Анна Михайловна постояла на крыльце.
Морозное белое солнце поднималось в голубовато-белом небе над завьюженной крышей риги. Все вокруг горело и сверкало белым, чистым блеском: и бескрайние, нетронутой белизны поля, и снежная шапка риги, нахлобученная по самый вход, и сугробы, подступавшие к избе, и молодой, опушенный инеем тополь у крыльца. Даже валявшийся на приступке голик[5] был серебряный и сверкал пучком упавших солнечных лучей.
Пробегая мимо тополя, Ленька ударил его тонкий ствол ногой. Иней осыпал ему и Мишке бобриковые пальто. Воротники и плечи у ребят стали белыми.
Прижав солонку к груди, не замечая холода, Анна Михайловна, щурясь, проводила долгим взглядом сыновей.
Ребята, переговариваясь, отряхивая иней, бежали по искрящейся тропе на дорогу, и снег весело хрустел и пел под их валенками. Из оттопыренных карманов струился легкий парок.
Усмехаясь, Анна Михайловна вздрогнула, хлебнув полным ртом морозного, солоноватого воздуха, и подумала: «Да чего же я боюсь? Хуже не будет… Нелюбо которым богатеям — вот и стращают».

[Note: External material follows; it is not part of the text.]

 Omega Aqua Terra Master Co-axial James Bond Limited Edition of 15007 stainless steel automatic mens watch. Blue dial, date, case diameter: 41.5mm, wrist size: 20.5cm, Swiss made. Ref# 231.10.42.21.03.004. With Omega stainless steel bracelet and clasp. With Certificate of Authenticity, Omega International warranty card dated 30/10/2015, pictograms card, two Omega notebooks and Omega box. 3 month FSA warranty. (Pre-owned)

На святках Анна Михайловна пришла домой с собрания в третьем часу ночи.
Легонько притворив заиндевевшую дверь и не зажигая огня, чтобы не потревожить ребят, она размотала шаль, скинула шубу.
Из окошка, расписанного морозными елками, падал на пол лунный свет и зеленоватым волнистым половиком тянулся к порогу. Анна Михайловна ступила на этот половик и заметила снег на лаптях, — снег мерцал синевато, как сахар, когда его колют в темноте. «Может, и сахару теперь у меня вволю заведется», — подумала она, обметая веником лапти.

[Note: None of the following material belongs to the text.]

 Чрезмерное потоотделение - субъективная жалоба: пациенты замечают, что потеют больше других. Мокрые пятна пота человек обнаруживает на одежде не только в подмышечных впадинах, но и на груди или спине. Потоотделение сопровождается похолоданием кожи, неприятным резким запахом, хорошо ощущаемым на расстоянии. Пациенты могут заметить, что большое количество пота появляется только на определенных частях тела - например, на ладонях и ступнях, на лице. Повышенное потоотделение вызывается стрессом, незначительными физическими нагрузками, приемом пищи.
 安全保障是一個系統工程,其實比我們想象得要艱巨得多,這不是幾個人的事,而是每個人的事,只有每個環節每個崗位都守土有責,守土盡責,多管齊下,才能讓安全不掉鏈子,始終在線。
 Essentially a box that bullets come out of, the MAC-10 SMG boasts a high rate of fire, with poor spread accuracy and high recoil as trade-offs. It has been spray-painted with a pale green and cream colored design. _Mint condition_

Пройдя на кухню, осторожно пошарила в суднавке. Хлеба там не нашлось, верно ребята весь съели за ужином. Тогда мать подошла к ушату, ковшиком продавила ледяную хрустящую корку и напилась. Перекрестившись, полезла на печь, — уж больно выстыло в избе.
— Вступила? — пробормотал с кровати Мишка.
Она подумала, что сын разговаривает во сне, и не ответила. Потрогала кирпичи, они были еще теплые. Радуясь, согнала ощупью тараканов с изголовья, перевернула постельник нагретой стороной вверх, разделась и легла, накрывшись старой пальтушкой.
— Вступила? — настойчиво повторил Мишкин голос.
— Что ты? — шепотом спросила Анна Михайловна.
— В колхоз, говорю, вступила?
— Спи… какое тебе дело? — сердито ответила мать.
Кровать скрипнула, и Ленька, недовольно посапывая, поддержал брата:
— Не чужие… Нам тоже знать надо.
Анна Михайловна промолчала.
— Говори, мамка, а то спать не дам… песни буду петь, — пригрозил Мишка.
— Ну… вступила, — сказала Анна Михайловна, вздохнув. — Да спите вы, полуношники! Никогда мне покоя от вас нет.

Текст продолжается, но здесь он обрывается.